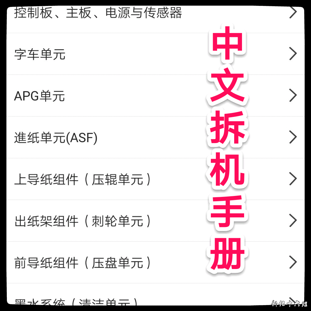 适用机型:R330/T50/R290/L800系列:L800/L801,R330,R290,A50/T50/P50/P59/P60/EP-320参考机型:R270系列:R260/R265/R270R390系列:R360/R380/R390其它爱普生机型和扩展机型均可参考 此手册非常详细,对于维修人员非常有价值,能够拆解到每个微小的零件,更有零件问题相关的处理方法,有了它,维修准确,什么拆解打印头,更换搓纸轮,不在话下,指哪拆哪,谁用谁知道。
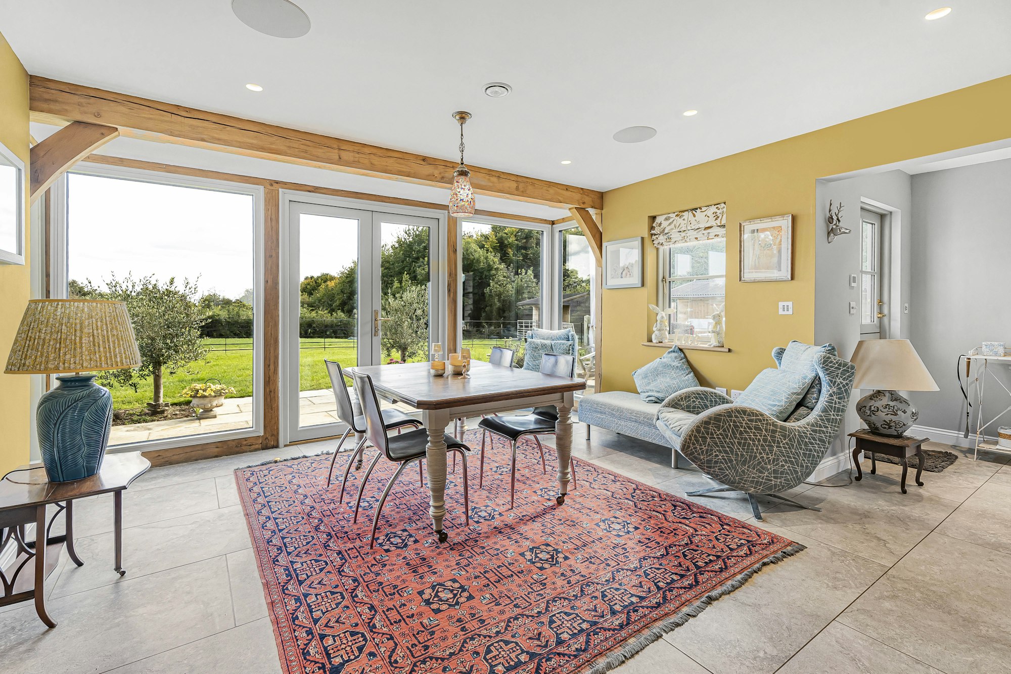 A modern family home combining traditional character with the latest technology and materials to create this beautiful property with oak frame detailing and exceptional energy performance, set in a quiet rural landscape. Supplied by Border Oak providers of bespoke oak framed buildings featured on Grand Designs, this home specifically designed for the current owners incorporates triple glazing, air source heat pump, ventilation and heat recovery system and a high degree of insulation making this home very economical and fully prepared for modern living.
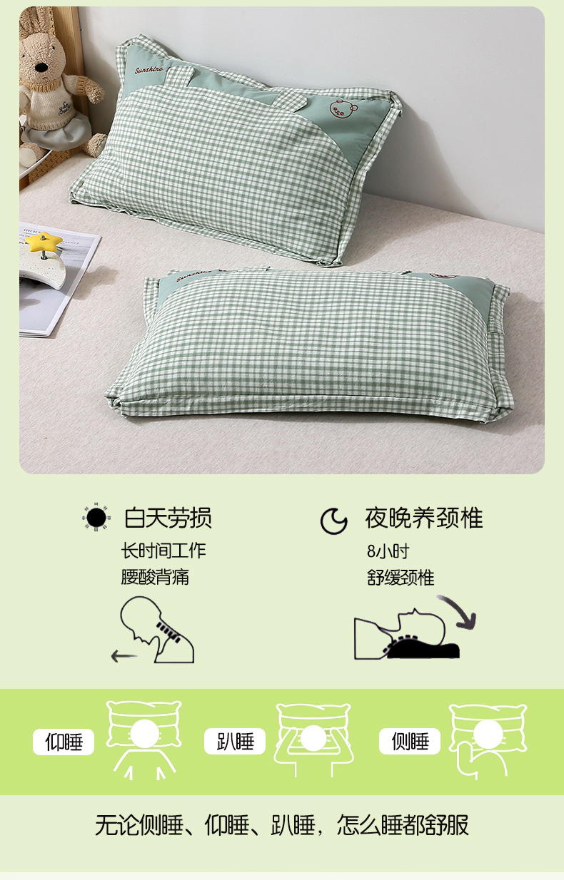 小熊耳朵方格荞麦枕-绿色30*50/只
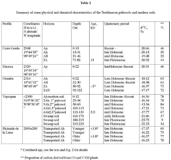 Earlier attempts to reconstruct paleoenvironment in the Teotihuacan valley were based on paleopedological records (McClung et al., 2003; GamaCastro et al., 2004). The objective of the present work is to document paleoenvironmental changes in the Teotihuacan valley using carbon stable isotope composition of organic matter in paleosols.
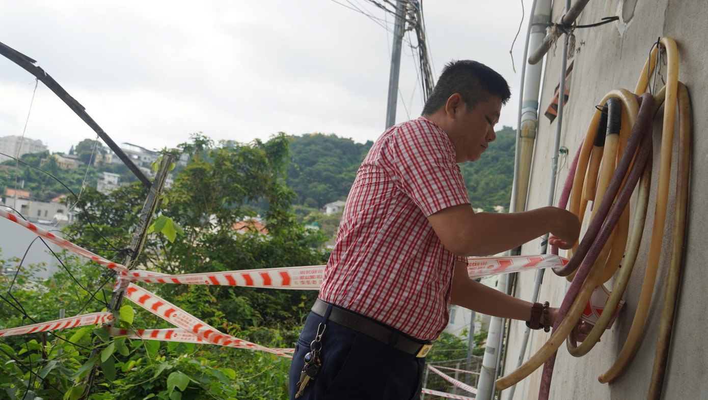 Tại phường Vũng Tàu tiếp tục có mưa lớn liên tục nên phường Vũng Tàu cắt cử lực lượng tuyên truyền người dân không trở lại căn nhà mất an toàn.

What is needed: With the pictures omitted, write out exactly the lines from the one that contains "Earlier attempts to" through the final line of the material above, both ends included.

Result:
 Earlier attempts to reconstruct paleoenvironment in the Teotihuacan valley were based on paleopedological records (McClung et al., 2003; GamaCastro et al., 2004). The objective of the present work is to document paleoenvironmental changes in the Teotihuacan valley using carbon stable isotope composition of organic matter in paleosols.
 Tại phường Vũng Tàu tiếp tục có mưa lớn liên tục nên phường Vũng Tàu cắt cử lực lượng tuyên truyền người dân không trở lại căn nhà mất an toàn.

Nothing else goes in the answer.